Ne L’ordine del discorso Foucault analizza in particolare le varie forme in cui in
ogni società la produzione del discorso è al tempo stesso controllata e selezionata, in
modo da scongiurarne i poteri e i pericoli, e poterlo cosí padroneggiare. Questione piú
che mai di drammatica attualità.
Alla riedizione del testo si è aggiunta la plaquette di candidatura al Collège de
France, intitolata Titoli e lavori, nella quale Foucault offre una illuminante sintesi di
tutte le sue ricerche anteriori, illustrando il cammino percorso fino ad allora, e
delineando alcuni dei problemi e dei campi che avrebbero dovuto essere oggetto delle
sue indagini e del suo insegnamento negli anni a venire.
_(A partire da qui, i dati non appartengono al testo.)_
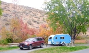 This was more true in the first couple of years when we were towing it with our old ’93 Eurovan, which was, as you can see, pretty color-coordinated. And yes, to some degree it did foster a constant danger of becoming sort of “Hos-for-Cuteness”…the adulation was So Intoxicating, More, we always wanted More…! But thankfully that suddenly changed a couple of years ago when an electrical fire in the VW wiring (yes, while we were towing the trailer) forced us to buy another car. For a lot of reasons the “new” car (2004 Volvo XC-90) is way more comfortable and more powerful, a much better towing vehicle.
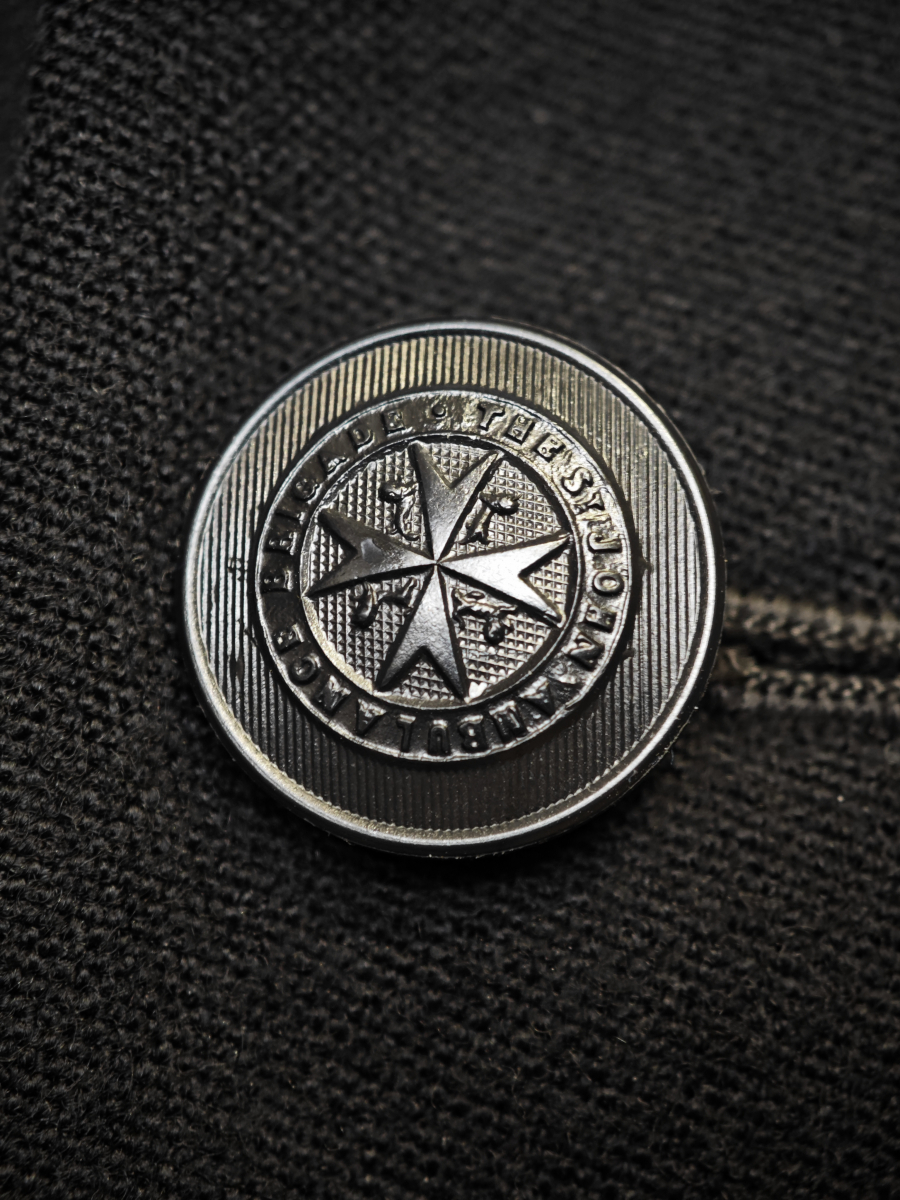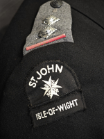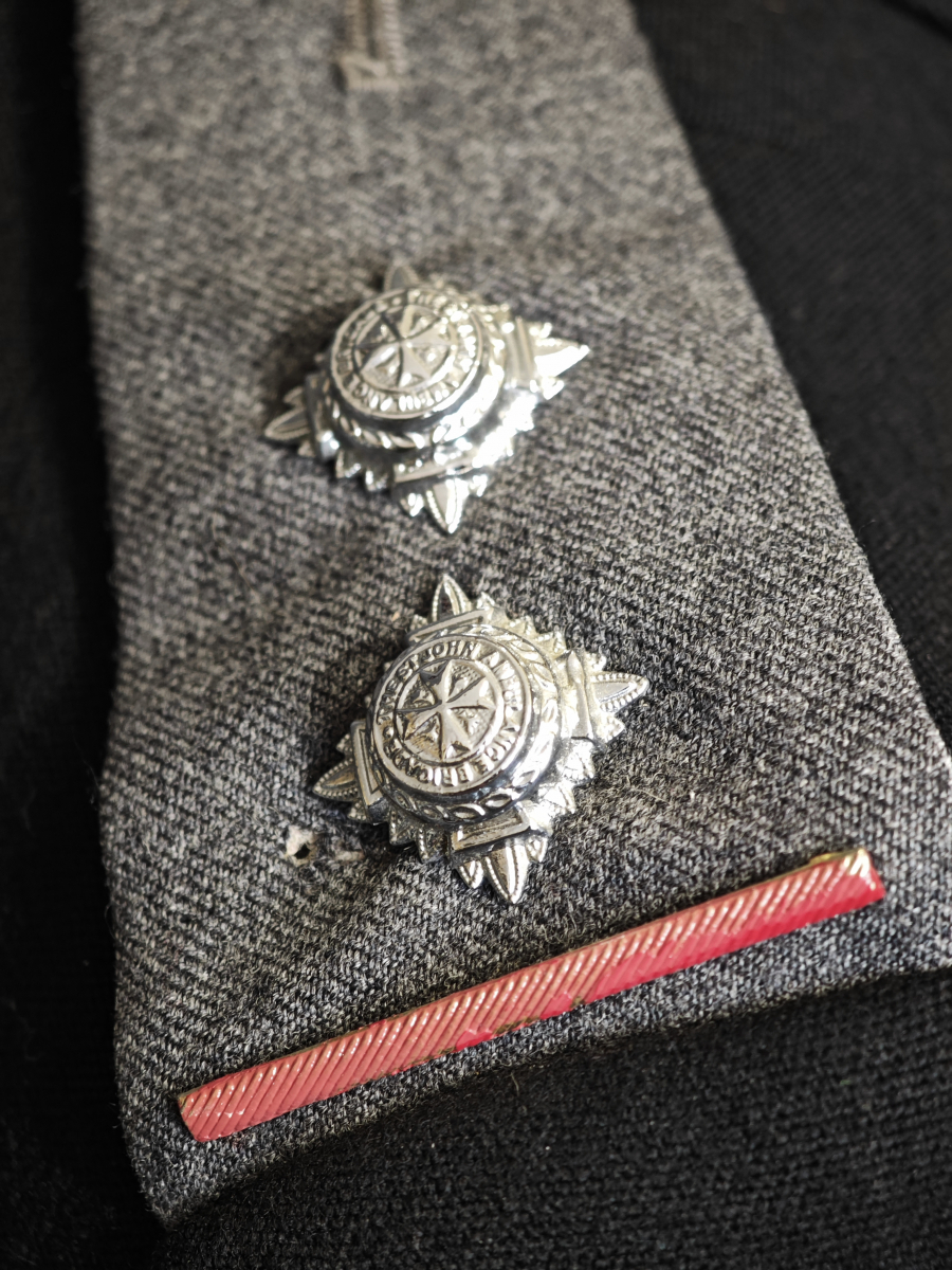 Китель сержанта из Команды управления подразделением Бригады Св. Иоанна на острове Уайт. Это был не рядовой доброволец, а опытный, давно служащий младший командир и администратор, который играл ключевую роль в повседневной работе и управлении своим местным подразделением скорой помощи.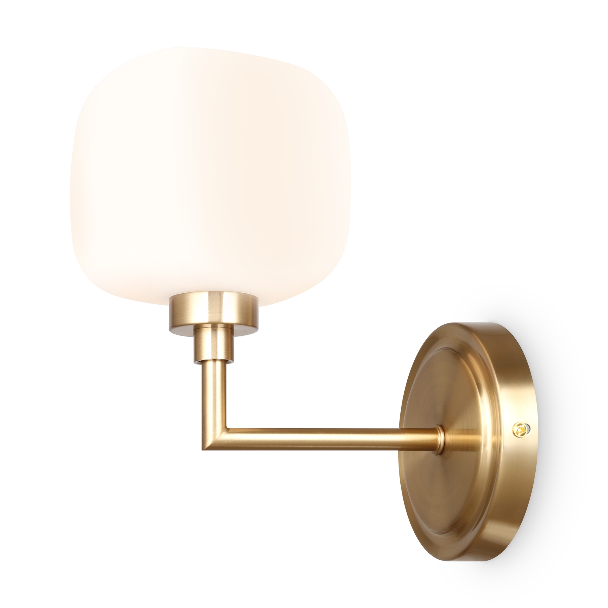 Металлическая графичная арматура цвета латунь. Плафоны из белого матового стекла в необычной форме округлых кубов - закреплены на разной по высоте комбинации. Мягкое равномерное освещение. Источником света служит лампа с цоколем G9.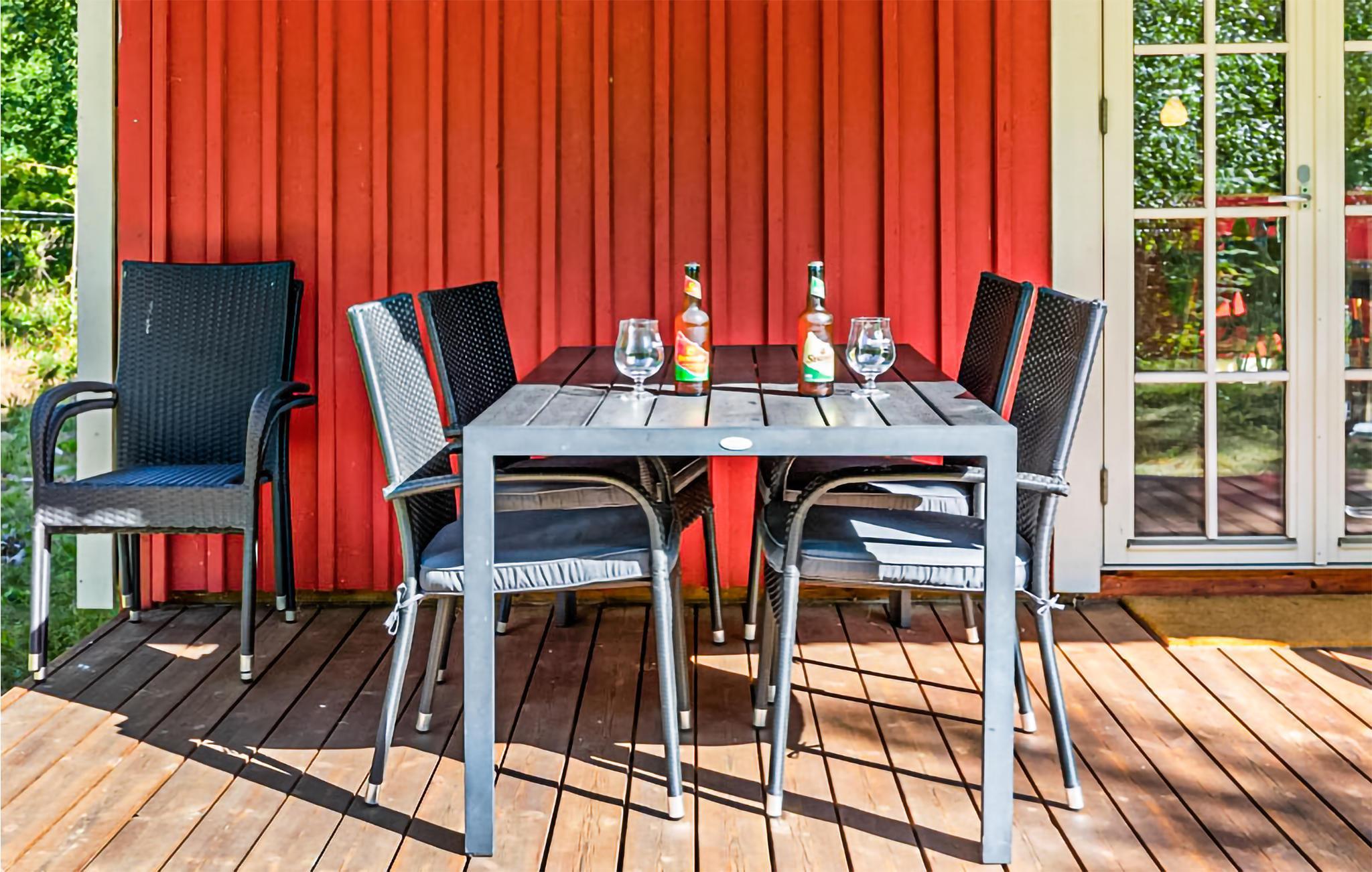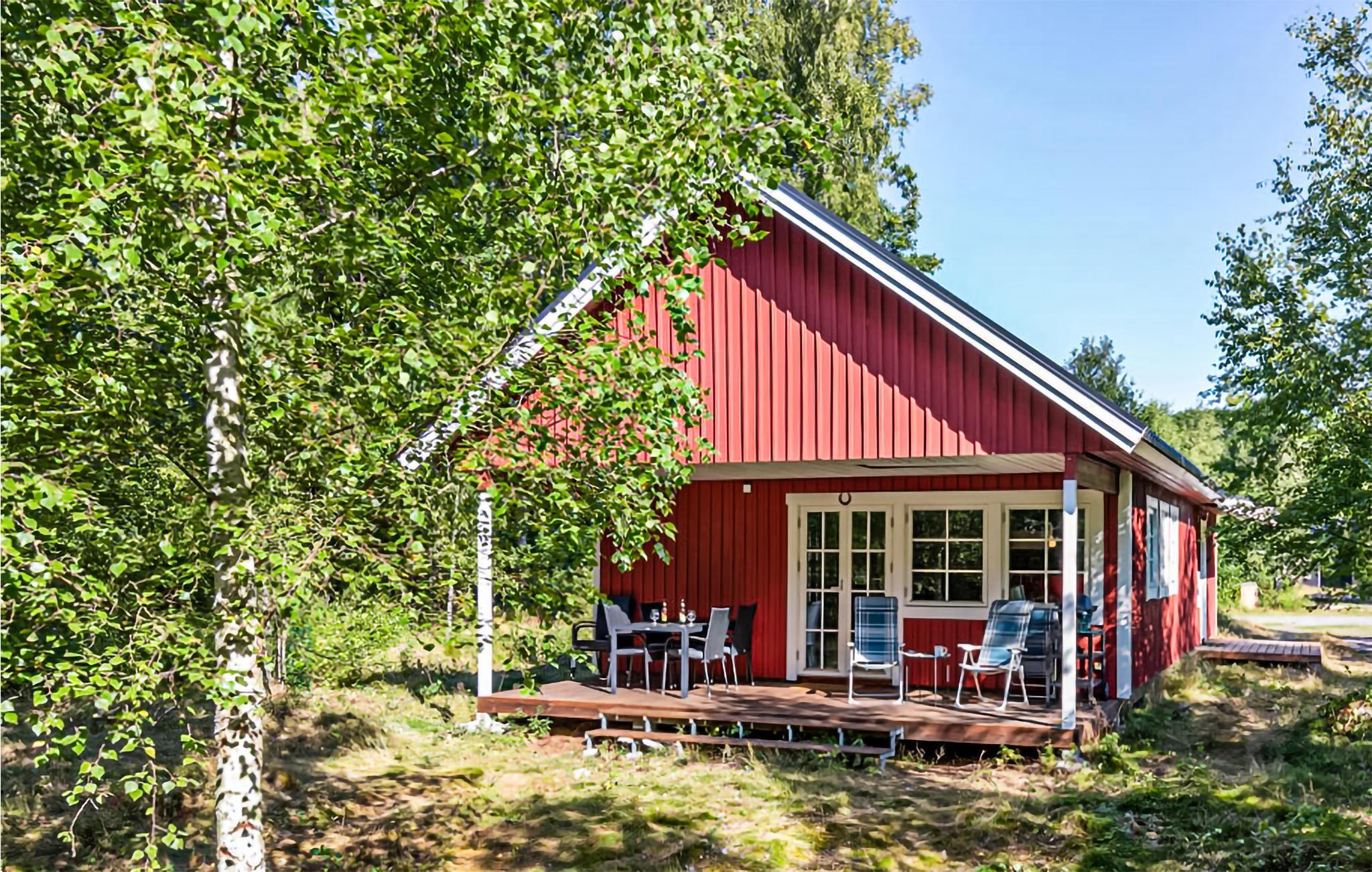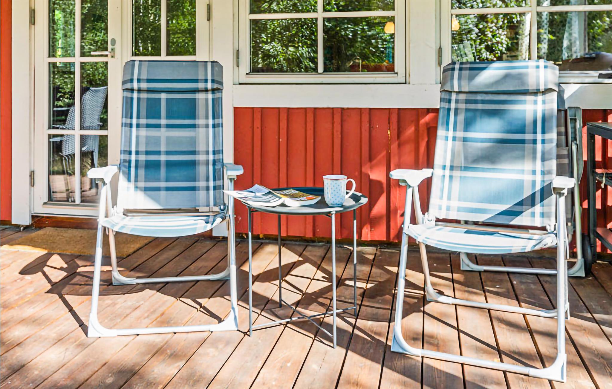 Hyggeligt træsommerhus nær børnevenlig strand med brændeovn, gratis WiFi og overdækket terrasse.

A completare il dossier relativo agli esordi dell’avventura foucaultiana, i due
interventi con i quali Jules Vuillemin sosterrà la candidatura di Foucault alla
prestigiosa istituzione.
Nella Postfazione che chiude il volume, infine, Mauro Bertani rievoca alcuni dei
temi e dei problemi affrontati da Foucault nel corso dei tredici anni di ricerche febbrili
e di insegnamento instancabile, fino a poco prima della morte, al Collège de France.
L’autore
Michel Foucault (Poitiers, 1926 - Parigi, 1984), la cui opera ha rinnovato in modo
decisivo lo studio delle scienze umane, ha insegnato al Centro universitario
sperimentale di Vincennes e, dal 1970 al 1984, al Collège de France. Tra le sue
opere, sono disponibili nel catalogo Einaudi: Nascita della clinica («Biblioteca
Einaudi»), Sorvegliare e punire («ET Saggi»), Il discorso, la storia, la verità
(«Einaudi contemporanea»), L’ordine del discorso («Piccola Biblioteca Einaudi
Nuova serie»), Mal fare, dir vero («Piccola Biblioteca Einaudi Nuova serie»).
Altri libri importanti: Storia della follia, Le parole e le cose (entrambi Rizzoli),
La volontà di sapere e L’uso dei piaceri (Feltrinelli).